D’un point de vue sociologique, la question intéressante est, en fait : pourquoi les délits associés à la protection des animaux sont-ils si peu nombreux en Autriche ? Plus intéressant encore : pourquoi est-ce précisément en Autriche qu’une opération de police aussi draconienne a été menée ?
Le procureur général et la Commission spéciale de la protection animale mise sur pied par le ministère de l’Intérieur ont mené des enquêtes pendant ces 2 dernières années. Ils ont été incapables de résoudre un seul cas, en dépit d’un important dispositif de surveillance comprenant espionnage électronique, mise sur écoute des téléphones et des habitations et infiltration d’associations.
Au lieu d’aboutir à la conclusion logique qu’ils étaient manifestement sur la mauvaise piste et qu’il était probable que les responsables de ces activités criminelles étaient des individus opérant seuls ou en petits groupes autonomes et ne s’engageant pas publiquement dans la protection animale, comme indiqué en fait dans les dossiers de la police, les autorités ont lancé une attaque massive.

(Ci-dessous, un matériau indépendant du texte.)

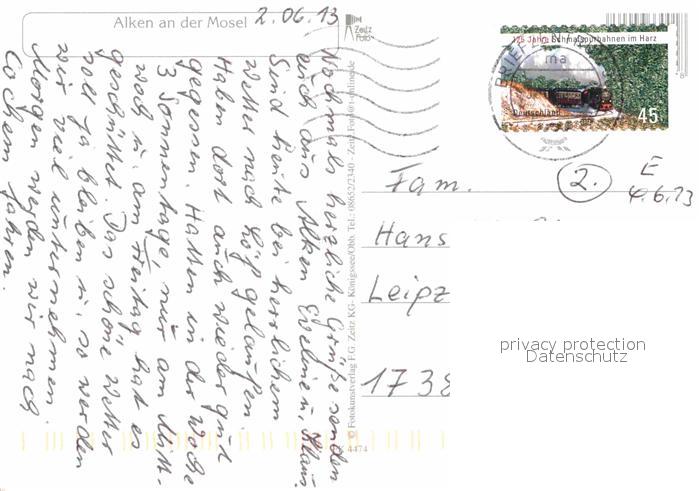 72682461 alte Postkarte Alken Koblenz Motorboot Blick ueber die Mosel Burgruine postalisch gelaufen Erhaltung siehe scans [FriedD77] KatCode: 11110007137201

Cela peut s‘expliquer ainsi : le procureur général et la Commission Spéciale ne veulent pas perdre la face et être considérés comme des incompétents. Par conséquent, il a été décidé d’effectuer des raids de grande envergure, nécessitant un grand nombre d’officiers de police spécialement entraînés, contre les militants animalistes les plus actifs. Et comment ces mesures ont-elles été justifiées ? En l’absence de soupçon véritable, un concept nébuleux d’organisation criminelle a été échafaudé. Pour être considérée comme criminelle, une organisation doit être composée de 10 personnes, donc 10 personnes choisies au hasard ont été placées en détention. Le fait que ces personnes ne se connaissent pas et qu’elles appartiennent à des groupes qui n’ont plus aucun contact les uns avec les autres depuis des années, voire même qui se considèrent plus ou moins comme des ennemis, a été complètement ignoré.

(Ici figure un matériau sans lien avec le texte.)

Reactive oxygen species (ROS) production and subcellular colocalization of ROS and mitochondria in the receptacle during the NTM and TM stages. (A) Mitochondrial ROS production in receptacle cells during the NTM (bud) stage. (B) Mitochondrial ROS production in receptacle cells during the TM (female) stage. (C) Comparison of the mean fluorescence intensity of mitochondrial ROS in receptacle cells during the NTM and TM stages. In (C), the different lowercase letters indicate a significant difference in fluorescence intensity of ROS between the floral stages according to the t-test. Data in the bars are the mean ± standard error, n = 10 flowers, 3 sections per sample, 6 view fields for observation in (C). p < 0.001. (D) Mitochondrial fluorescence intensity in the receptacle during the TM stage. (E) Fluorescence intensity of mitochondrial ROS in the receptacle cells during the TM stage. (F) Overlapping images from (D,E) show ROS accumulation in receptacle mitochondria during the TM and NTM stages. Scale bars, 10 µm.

Un autre fait notable est que le procureur général et la police ont sans cesse refusé de m’interroger et de fournir la moindre preuve contre moi, bien que mon avocat en ait fait la demande durant des semaines. Quelle conclusion en tirer si ce n’est qu’ils n’ont ni question, ni preuve ?
Quelques questions critiques montrent immédiatement que l’accusation d’appartenance à une vaste organisation criminelle ne tient pas.

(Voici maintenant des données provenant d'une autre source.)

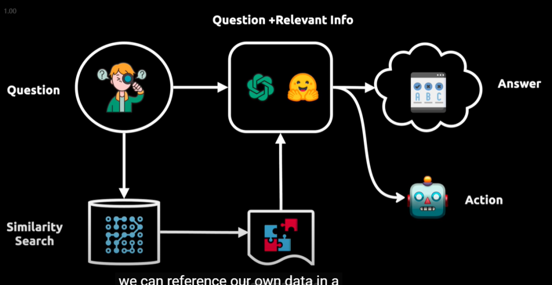 提问:用户提出问题。向语言模型查询:问题被转换成向量表示,用于在向量数据库中进行相似性搜索。获取相关信息:从向量数据库中提取相关信息块,并将其输入给语言模型。生成答案或执行操作:语言模型现在拥有了初始问题和相关信息,能够提供答案或执行操作。
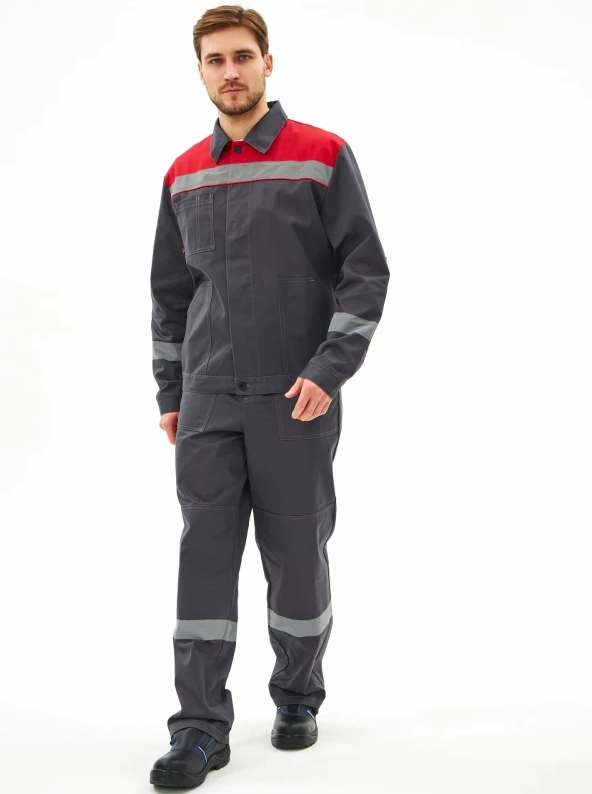 / Костюм летний мужской Темп куртка + п/комб. СОП т.серый/красный

- Pourquoi ces activités criminelles motivées par la protection des animaux seraient-elles le fait d’une vaste organisation criminelle et pas de petits groupes autonomes ? Il n’y a aucune preuve pour étayer l’existence d’un grand groupe. La vraie raison est que la détention provisoire n’est possible qu’avec une accusation d’appartenance à une grande organisation criminelle.
- Pourquoi est-ce que ce sont justement les délits énumérés par le procureur général, ni plus ni moins, qui sont attribués à l’organisation criminelle ? Il n’y a pas de critère pour cette attribution. Celle liste a été établie au hasard : pas trop courte, afin que l’organisation paraisse suffisamment dangereuse, mais pas trop longue, pour éviter que cela semble exagéré et invraisemblable.
- Quelles sont les personnes censées appartenir à cette organisation et pourquoi ? Cette fois encore, aucun critère n’est donné. Les 10 personnes arrêtées ont été choisies au hasard, parce qu’il faut un minimum de 10 suspects pour une organisation criminelle ; plus de 10 semblerait improbable. Le seul fait que l’on ait arrêté exactement 10 personnes démontre le caractère arbitraire de ce choix.
Il est tout à fait choquant de voir que le procureur général et la Commission ne reculent devant rien pour sauver la face. Ces gens n’ont manifestement pas conscience des conséquences de leurs actes !
De très nombreuses personnes ont été assaillies en pleine nuit, dans leurs propres maisons, par des groupes d’hommes armés et masqués. Des personnes, dormant paisiblement dans leur lit, se sont retrouvées avec des projecteurs braqués sur le visage et des pistolets appuyés contre la tête. Parmi elles se trouvaient des gens qui n’avaient rien à voir avec la protection animale, dont une petite fille de 7 ans. Toutes les victimes de ce raid ont été gravement traumatisées.
La sphère privée d’un grand nombre de personnes a été envahie, leur espace et leurs affaires personnelles ont été fouillés.
10 personnes ont été détenues pendant des semaines, qui sont en fait des mois, dans de minuscules cellules, et privées de liberté. Sans qu’il leur soit possible de voir les personnes et les animaux qui leur sont chers, leurs vies entières ont été mises en attente. De plus, la réputation de ces personnes a été gravement entachée. Qu’il s’agisse de voisins, collègues et relations ou de membres des organisations de protection animale et de groupes ciblés par des campagnes animalistes, toutes ces personnes ont été amenées à croire à un soupçon d’activité criminelle qui n’existe pas.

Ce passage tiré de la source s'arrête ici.